El 9 de septiembre de 1991 fue secuestrado Sebastian Edwards Del Río. Entretelones del plagio tengo muchos, pero bajo juramento ante uno de los autores, jamás podré contar toda la verdad de lo ocurrido o mas bien dicho la trastienda que tuvo en ascuas a los dueños de El Mercurio y al primer gobierno de la Concertación. Esta versión inédita quizás la redacte en otra oportunidad.

En ese tiempo, Stephanie de Mónaco, la hija menor de los Grimaldi había decidido saltar del diseño al canto y con mucha ayuda tecnológica grabó dos DVD, uno de ellos titulado Huracán, una selección de temas con una vocecilla opacada por la orquesta. Un ciclón de malo.

Teníamos proyectado traer a la princesa como una verdadera dama del pequeño enclave monegasco, hija de Grace y Rainiero, una mujer joven, elegante y con charme que iba a cautivar a la socialité nacional con bailes en clubes de la Unión, El Golf o los de moda entonces, más un paso por Zapallar.

Pero el tema del rock fue el pelo en la sopa que inquietó a la directora de la editorial y le hizo pensar que todo el tema de la testa coronada se podía ir al agua con un mal compás roquero. Mas encima si Stephanie tenia fama de rebelde, mascaba chicle, hablaba el inglés a lo norteamericano y tenia de amante un guardia, Daniel Ducruet a quien mas tarde convertiría en padre de su primogénito ante el espanto del pobre Rainiero. Para su fortuna, Grace ya estaba muerta.

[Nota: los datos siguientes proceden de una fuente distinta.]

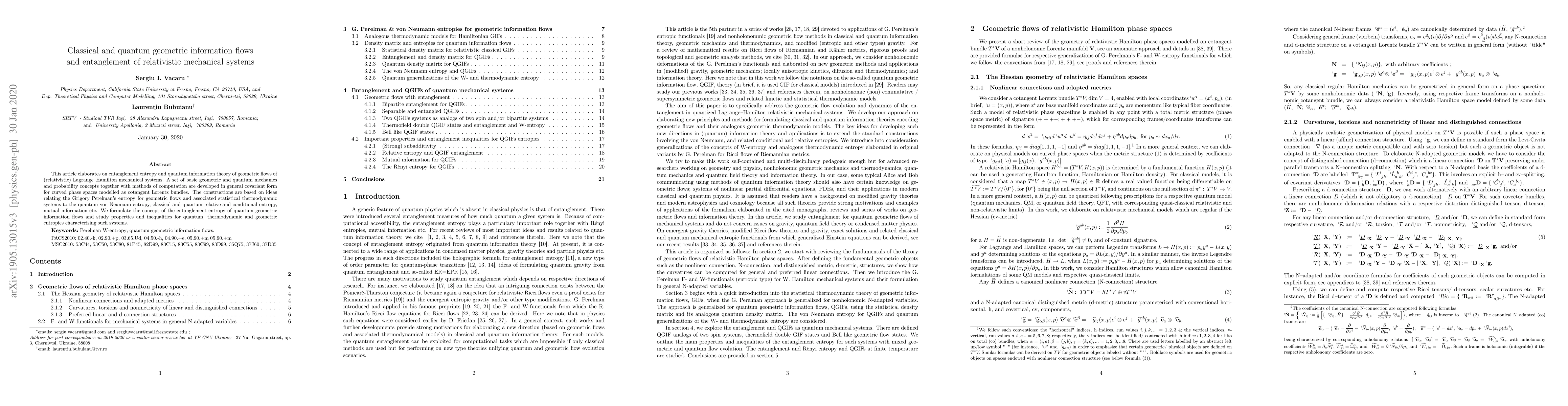 This paper develops a framework for understanding entanglement in relativistic mechanical systems through geometric flows, linking classical and quantum information theory. It formulates the entanglement entropy of quantum geometric information flows and explores properties and inequalities of associated quantum, thermodynamic, and geometric entropies.

Me enviaron a Londres; tres veces estuve a punto de embarcarme en Aerolíneas Argentinas y solo a la cuarta decidieron que fuera a husmear a la capital inglesa, donde residía Stephanie por el acceso a los estudios de grabación. El ambiente de la joven de hombros anchos, carácter tímido y huraño a la vez, dio los primeros indicios.

Dos semanas permanecí en un hotel esperando la llamada de su agente o del entorno de la princesa para concretar la entrevista, condición puesta por nosotros para firmar el contrato de venida.

Finalmente la entrevisté y pude observar el mundo de la mujer en la city. Nada digno dé glamour. Olvidémonos del palacio Cousiño, Cerro Castillo ni club de Gol Los Leones.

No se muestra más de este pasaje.